Mi'kmaw from Glooscap First Nation, Elder Lorraine Whitman is one of 14 siblings to the late Chief Joseph and Elder Doris (Brooks) Peters. Since graduating with honours from Grant McEwan College at the University of Alberta, Elder Whitman's career has focused on health care, including working for 23 years as a social development officer for Glooscap First Nation. In 2010, she became Aboriginal Diabetes Initiative Coordinator after graduating as valedictorian from Yellowquill College's Aboriginal Diabetes program. Elder Whitman served Glooscap as an elected councillor from 1997 to 2012 and sat on the Board of Directors of the Confederacy of Mainland Mi'kmaq for more than 15 years. She also served on the Tripartite Forum Health Committee and was on the Annapolis Valley School Board from 2000 to 2003. She developed the Seven Sacred Teachings Coffee with Just Us! Coffee; of which a portion of the proceeds go towards Indigenous initiatives.
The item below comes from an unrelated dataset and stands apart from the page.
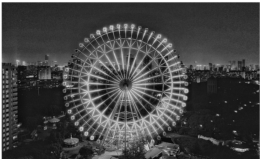
万泉公园网红摩天轮扮靓夜空。

In 2017, Elder Whitman was elected President of the Nova Scotia Native Women's Association and then President of the Native Women's Association of Canada from 2019 to 2022. Elder Whitman was recognized with the Nova Scotia Volunteer Award in 2019 and Grand Chief Marshall Elders Award in 2020. She currently sits on the Mi'kmawey Debert Elders Advisory Council, the Mi'kmaq Language Advisory Committee and is an Elder for Acadia University. Elder Whitman has been married to her husband for 41 years and has raised their daughter according to Mi'kmaw culture and traditions. In 2022, Elder Whitman was both a recipient of an Honorary Doctorate in Humanities from Acadia University and the Queen Elizabeth II Jubilee Platinum Medal.

Ann G. Wilkie

Ann G. Wilkie has over 40 years of experience in the public, private and academic sectors in the UK, Canada and beyond. At SNC Lavalin and CBCL Limited, Ms. Wilkie managed multidisciplinary teams responsible for a wide spectrum of land use and environmental work, including the assessment of industrial and infrastructural projects and the preparation of coastal and regional planning strategies. She has managed several of the larger environmental assessments undertaken in eastern Canada including the assessment of the Sable Offshore Energy and the Maritime and Northeast Pipeline projects. She also has provided substantial leadership in the development and execution of effective stakeholder consultations, including the design and implementation of the multi-year consultation program associated with these two projects. Ms. Wilkie has undertaken assessments for onshore wind projects including the wind farm at Pubnico, the first in Nova Scotia. She has provided evidence to federal and provincial environmental assessment panels and to the National Energy Board. Since stepping away from corporate activity, Ms. Wilkie has contributed expertise and experience to several groups including a research team in Edinburgh, Scotland, and with the Atlantic Policy Congress of First Nations Chiefs' Secretariat.

James Wooder

Jim Wooder has a diverse marine background gained through 35 years of experience that includes maritime law practice in England, Norway and Nova Scotia, offshore oil and gas operations in Atlantic Canada and leading a variety of port-related development projects such as dredging, land reclamation and container-terminal and bulk-cargo facilities in Cape Breton. He was Project Manager for the environmental assessment and access-channel dredging of Sydney Harbour, one of Canada's largest dredging-and-land reclamation projects. This included significant marine habitat compensation and fishery catch-and-release programmes developed and executed in collaboration with local fishers, Cape Breton University and Fisheries and Oceans Canada. Mr. Wooder was a founding member and Chair of the Sydney Marine Group and led the start-up of Petroleum Research Atlantic Canada on behalf of the east coast offshore oil and gas operators. His volunteer work includes serving as past Chair of the MISA Board of Directors (now Immigrant Settlement Association of Nova Scotia) and currently on the Cape Breton Partnership Board of Directors. His broad experience provides a unique perspective and combination of skills that are well suited to the ongoing development of Atlantic Canada's evolving energy and marine transportation industries.